Evidence to Action 2022

ARN launch event

Event Date

Location
Kampala, Uganda

The need for more and better development research evidence has never been more crucial as Africa directs its efforts towards accomplishing the Africa Union’s Agenda 2063 and the United Nations’ Sustainable Development Goals (SDGs) Agenda 2030 beyond the COVID-19 pandemic. Sound evidence is essential to inform policy making, development actions, and citizenry perception of the impact of the agendas.

The Evidence to Action 2022 conference shines a spotlight on learned experiences of adapting and innovating evaluation practice for evidence-based decision making within and beyond the prevailing COVID-19 pandemic and the post COVID recovery. Emerging lessons from rigorous research at the local, regional, and global levels would enable evidence-based policy that would lead to individual dignity and wellbeing, flourishing societies, and a planet Earth that is a thriving home for all.

Evidence to Action 2022 is an exciting forum for renowned research and evaluation professionals and development practitioners to promote the use of evidence for policy–making and practice in Africa through the lens of the COVID-19 pandemic.
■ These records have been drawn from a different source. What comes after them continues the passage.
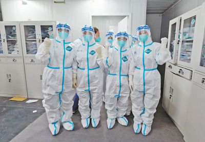 4月8日晚,隨著海南省援滬醫(yī)療隊(duì)近百名醫(yī)護(hù)人員的進(jìn)駐,上海嘉定南翔方艙醫(yī)院正式投入運(yùn)行。圖為醫(yī)護(hù)人員在入艙前加油鼓勁。新華社記者 李 賀攝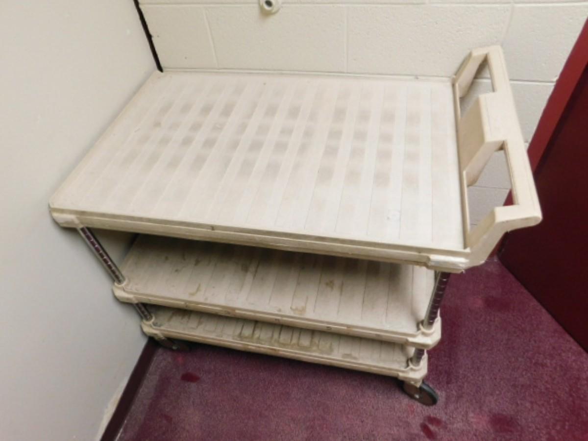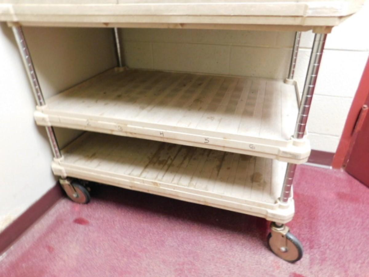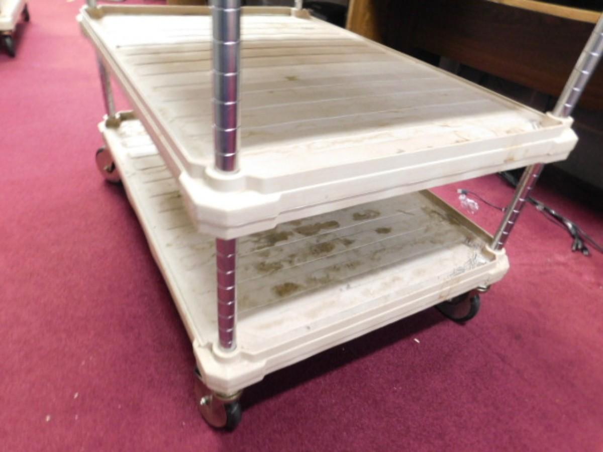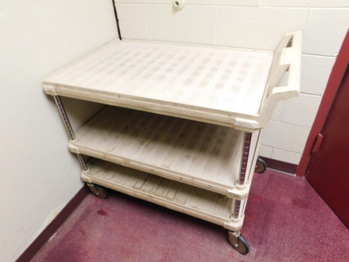 Metro Composite Three Tier Pushcart Choice C Expect some wear or scratches to finish. Shipping option available via freight or local mover at Buyer's expense. Buyer must have all shipping scheduled within the stated dates and times of pickup. Recommended local mover is Beaty Bros. Moving 828-201-2982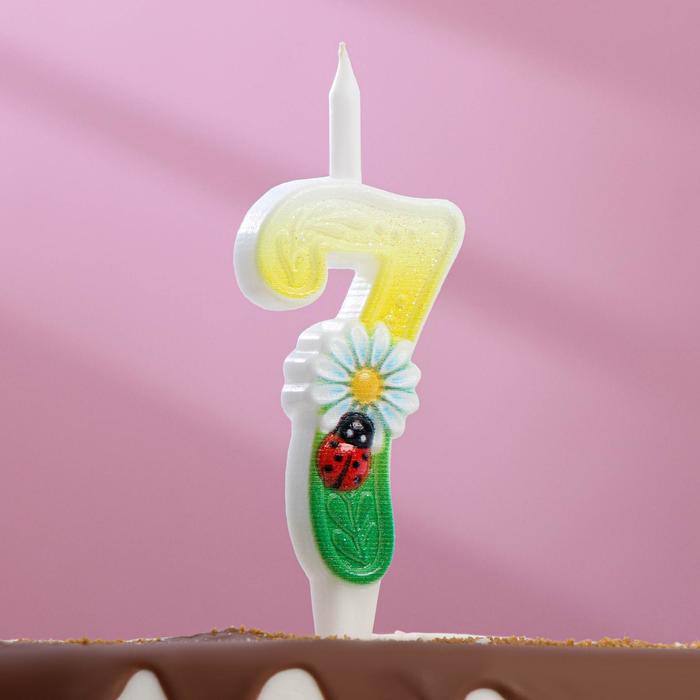 Candle for the cake "Chamomile", 10.2 cm, multi -colored number "7"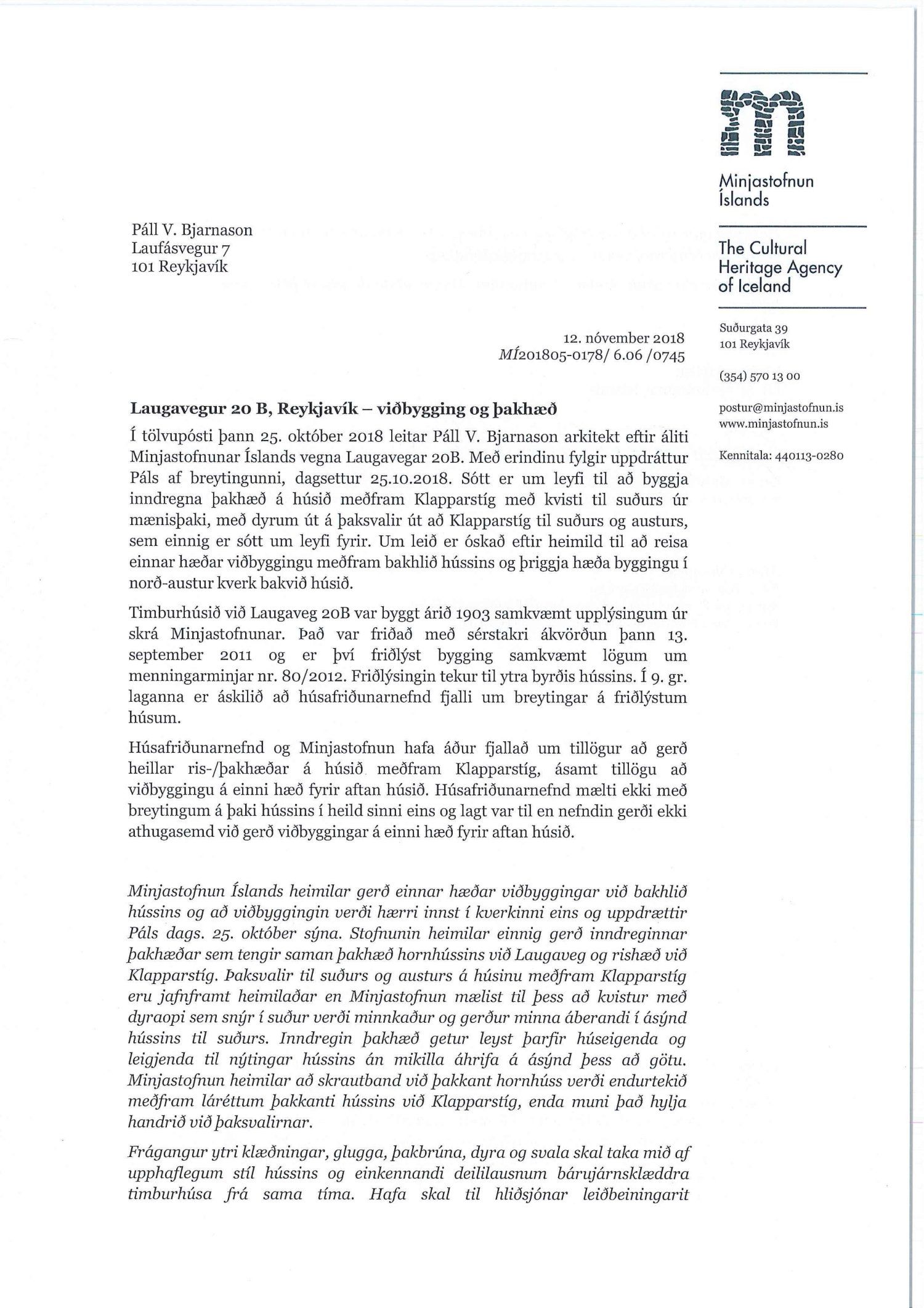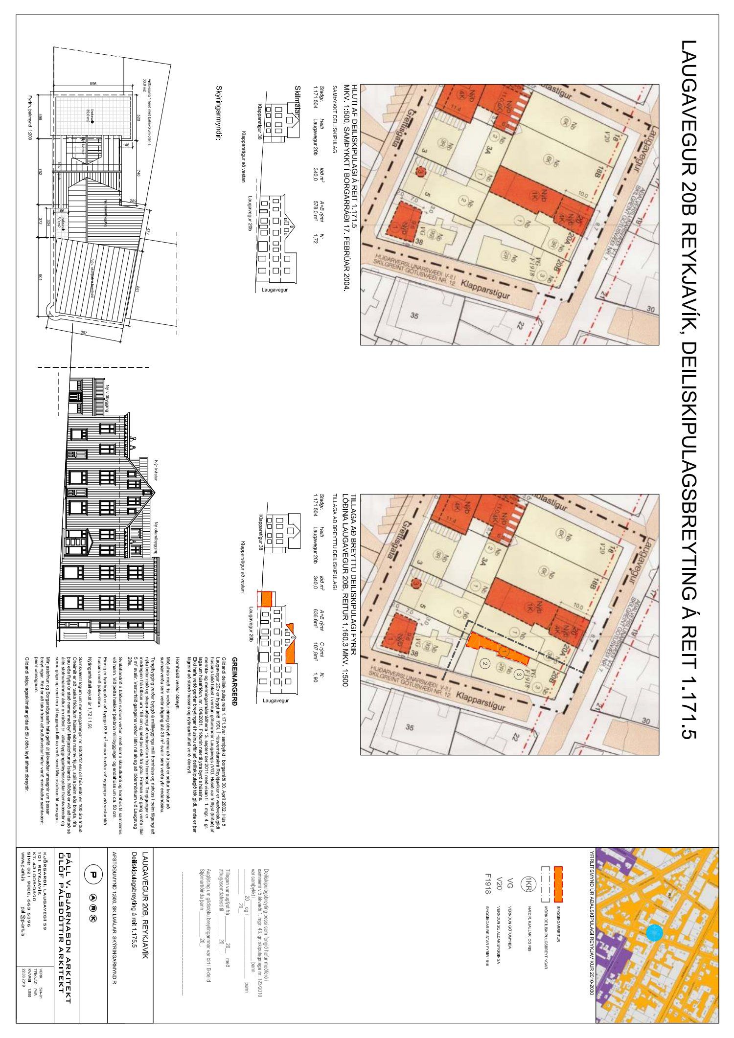 Lögð fram umsókn Páls V. Bjarnasonar dags. 22. mars 2019 varðandi breytingu á deiliskipulagi reits 1.171.5, Laugavegs- og Skólavörðustígsreita, vegna lóðarinnar nr. 20B við Laugaveg. Í breytingunni felst hækkun á nýtingarhlutfalli lóðar, að reisa einnar hæðar viðbyggingu á bakhlið hússins með þaksvölum og gera inndregna þakhæð, tengibyggingu á millibyggingu milli hornhúss og risshúss, með kvisti til suðurs úr mænisþaki sem veitir aðgang að þaksvölum sem verða yfir endahúsinu, samkvæmt uppdr. P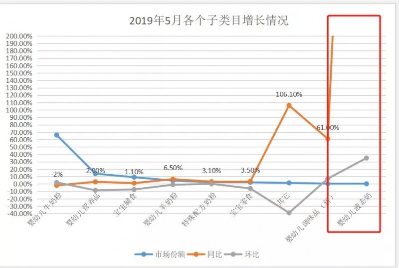 “母婴行业观察创始人杨德勇在《2019年趋势报告》中曾表示:“细分为王,母婴子行业规模在不断扩大,很多细分品类增长率是非常高的。”以奶粉行业为例,随着奶粉新政的逐步实施,企业开始了不断蚕食剩余份额和相互竞争的过程,寻求细分化发展、占据细分化市场份额成为了各家企业不断发展的方向。其中,据母婴研究院数据显示,虽然目前婴幼儿液态奶的市场份额还较低,但增速迅猛,以2019年5月为例,婴幼儿液态奶销售额比2018年同比增长1165.0%,比四月环比增长35.0%。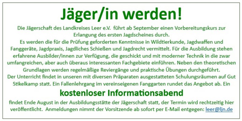 6,5 Monate fuhren die Kursteilnehmer/-innen montags und donnerstags zum Gut Stikelkamp, der Ausbildungsstätte der Jägerschaft in Landkreis Leer e.V. um sich auf die Jägerprüfung…
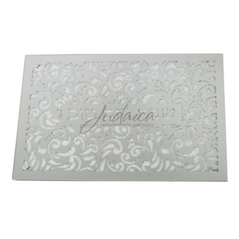 Красивая деревянная доска для халы с зеркальной поверхностью, украшенная нежными узорами и россыпью мелких камней под стеклом. Есть ножки, за счет чего ее будет удобно ставить на стол. Такая доска станет прекрасным дополнением Вашего Шаббатнего стола и будет радовать Вас и Ваших гостей.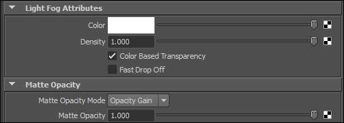Matte Opacity:此属性可控制灯雾在alpha通道内的透明度,或使灯雾不产生任何alpha通道。这里如果用户想要得到一个可以控制的Alpha参数,那么就要依靠Matte Opacity选项。
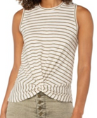 This sleeveless crew neck top features a stylish twist front with stripes and a mitered back for added interest. Perfect for any occasion, this top is versatile and on-trend. The twist front adds a unique touch, while the miter back provides a flattering fit. Stay comfortable and fashionable in this must-have top.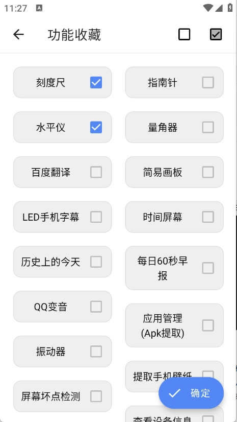 勾选想要收藏的工具点击“确定”。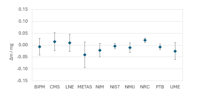 Graph caption: This graph depicts differences observed during the third key comparison between mass values attributed by the National Metrology Institutes (NMIs) to a nominal 1 kg mass and related standard uncertainties.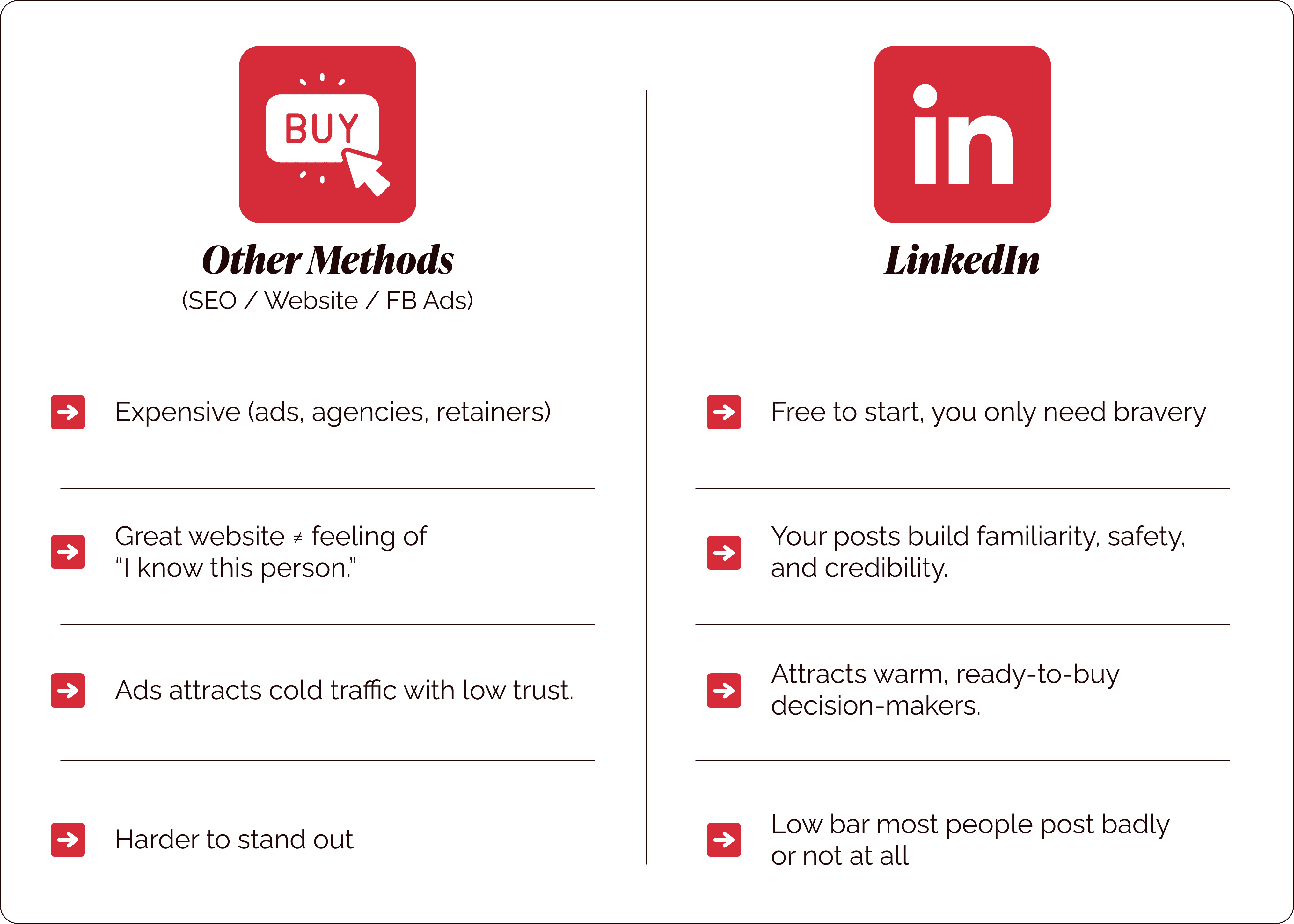 you also know you need to be there especially when you need leads to keep your business (and family) afloat. Because the truth is, you can’t afford to slip back into corporate burnout. So naturally, you look at LinkedIn.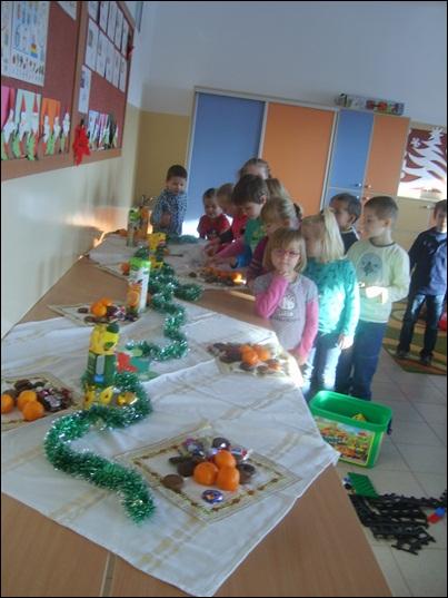 Każdy z przedszkolaków otrzymał ufundowaną prze Urząd Miejski mini-wyprawkę do klasy I. Był to worek na kapcie, zeszyt, długopis, ołówek i zakładka do książki. Na zakończenie spotkania wszyscy uczestnicy zostali zaproszeni na słodki poczęstunek. Dzieci samodzielnie przygotowały i dekorowały świąteczny stół ze smakołykami ufundowanymi przez wyszkowski UM.

Conference participants will be drawn from a diverse range of stakeholders working across Africa in research, monitoring, and evaluation.

Evidence to Action 2022 includes:

  • Pre-conference workshops that facilitate professional development training for interested participants.
  • Exhibitions of branded items, publications and evidence for innovation and development.
  • Short paper presentations intended to generate dialogue around the use of evidence for policy making and propose new and innovative evaluation paradigms.
  • Roundtable and panel discussions centered on the general theme and sub-themes of the conference.
  • Poster presentations of research that include key questions asked, methodology, data, findings, recommendations and conclusions.

The Conference is being convened by the International Centre for Evaluation and Development (ICED) in partnership with the Uganda Office of the Prime Minister, Directorate of Monitoring and Evaluation; the Uganda Evaluation Association; the Makerere University College of Health Sciences; the Feed the Future Innovation Lab for Markets, Risk & Resilience at UC Davis; the Campbell Collaboration; Innovations for Poverty Action; United States International University-Africa and other partners.